Artificial Intelligence is emerging as the next big thing for businesses. But computers are hard, and AI is far from perfect.
Computers are hard. Consumers use technology every day, but very few of them actually consider what it takes to make that technology work. It’s layers upon layers of hardware and software, and in today’s world, that hardware has become increasingly small. Built inside those layers of hardware are layers and layers of code. Infrastructure, functionality, design, stability, security. It’s all coded into the system to ensure smooth and easy use of the product. But computers are something we can now produce by rote. Innovations in speed, video quality, photo quality, size and clarity will continue, but computers are part of our daily lives. Technology advances daily, building on the previous day’s discoveries. Which is exactly how Artificial Intelligence and Machine Learning work: by building on what it already knows. The problem is that limitations continue to arise.
AI and ML are incredibly important to the future of technology. As humans, we enjoy life’s conveniences. Want a pizza? There’s an app for that. Stuck on the side of the road? There’s an app for that. Want to see the inside of the Louvre? There’s virtual reality for that. All of those innovations have led to the further development of AI and ML. ML is taught using data found on social media and other various websites. It learns from human interaction to determine what humans really want. Autocorrect is a form of AI. Google uses prediction methods in its search bar based on your previous searches. All of these are advances in AI and ML.
In the past, we discussed how AI has limitations based on the data used to train it. Studies have shown that AI can be biased towards people of color and women, and Apple recently came under fire for blocking any URL containing the word “Asian” when parental controls are in use. Apparently, this is not the end of AI’s limitations, and may only signify the beginning of us discovering the limitations it actually has. Most recently, AI has shown that it becomes confused when shown written words over a recognizable object.

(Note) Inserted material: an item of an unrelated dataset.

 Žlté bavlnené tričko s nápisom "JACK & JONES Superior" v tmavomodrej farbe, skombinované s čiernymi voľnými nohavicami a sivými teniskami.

Let’s back up a little. The CLIP neural network, OpenAI’s system for allowing computers to recognize the world around them, is a machine learning system. Neural networks can be trained over time to get better at specific tasks using a network of interconnected nodes. CLIP is designed to identify objects based on an image that aren’t always immediately clear to the system’s developers. OpenAI conducted research on their system, published last week, and is in regard to multimodal neurons which “respond to clusters of abstract concepts centered around a common high-level theme, rather than any specific visual feature.”

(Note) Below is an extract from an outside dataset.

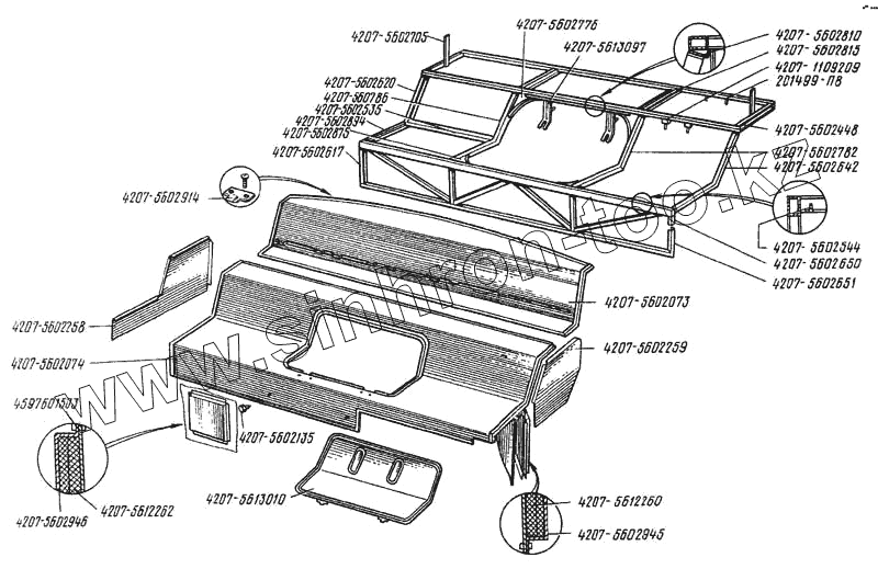 Каталог запасных частей к технике: ЛАЗ 4207. Каркас мотоотсека с обивкой

The research showed that written words can actually confuse the system. For instance, the team wrote that CLIP has a multimodal “Spider-Man” neuron, which fires upon seeing an image of a spider, the word “spider” or any image or drawing of the Marvel Superhero. The multimodal neurons are what is easy to fool here, as evidenced by OpenAI’s research. The team tricked CLIP into thinking an apple (the actual fruit) was an iPod, simply by taping a piece of paper that says “iPod” to the apple. In fact, CLIP was MORE certain it was an iPod (99.7%) than it was certain it was an apple (85.6%) without the paper taped to it.
The research team is dubbing this a “typographical attack” because it really wouldn’t be a huge problem for anyone to deliberately exploit.
“We believe attacks such as those described above are far from simply an academic concern. By exploiting the model’s ability to read text robustly, we find that even photographs of hand-written text can often fool the model.
[…] We also believe that these attacks may also take a more subtle, less conspicuous form. An image, given to CLIP, is abstracted in many subtle and sophisticated ways, and these abstractions may over-abstract common patterns—oversimplifying and, by virtue of that, overgeneralizing.”OpenAI
While this may seem like a failing of CLIP, the truth is that it isn’t. It’s really an illustration of how the associations it has composed over time are incredibly complicated. OpenAI research has said that CLIP builds are similar to the functioning of a human brain, which we all know is incredibly complicated. A child learning shapes and colors cannot always tell you where the red square is, instead pointing to the red circle because it’s red, or pointing to the yellow square because it’s a square.
The point is, the human brain is complex. We want AI to function like a human brain, or at least as closely as possible as it can. In order to do that, we not only have to give its “brain” time to grow and learn, but we have to understand that the data we feed it should be healthy and clean. Just like the food we feed our children. Computers are hard. AI is even harder. Most people don’t understand just how far we’ve come in this area over the last decade and think we should be farther than we are. But the truth is, we’re leaping over obstacles every day to maintain our pace of technology innovation. All things take time to perfect, and AI is no different.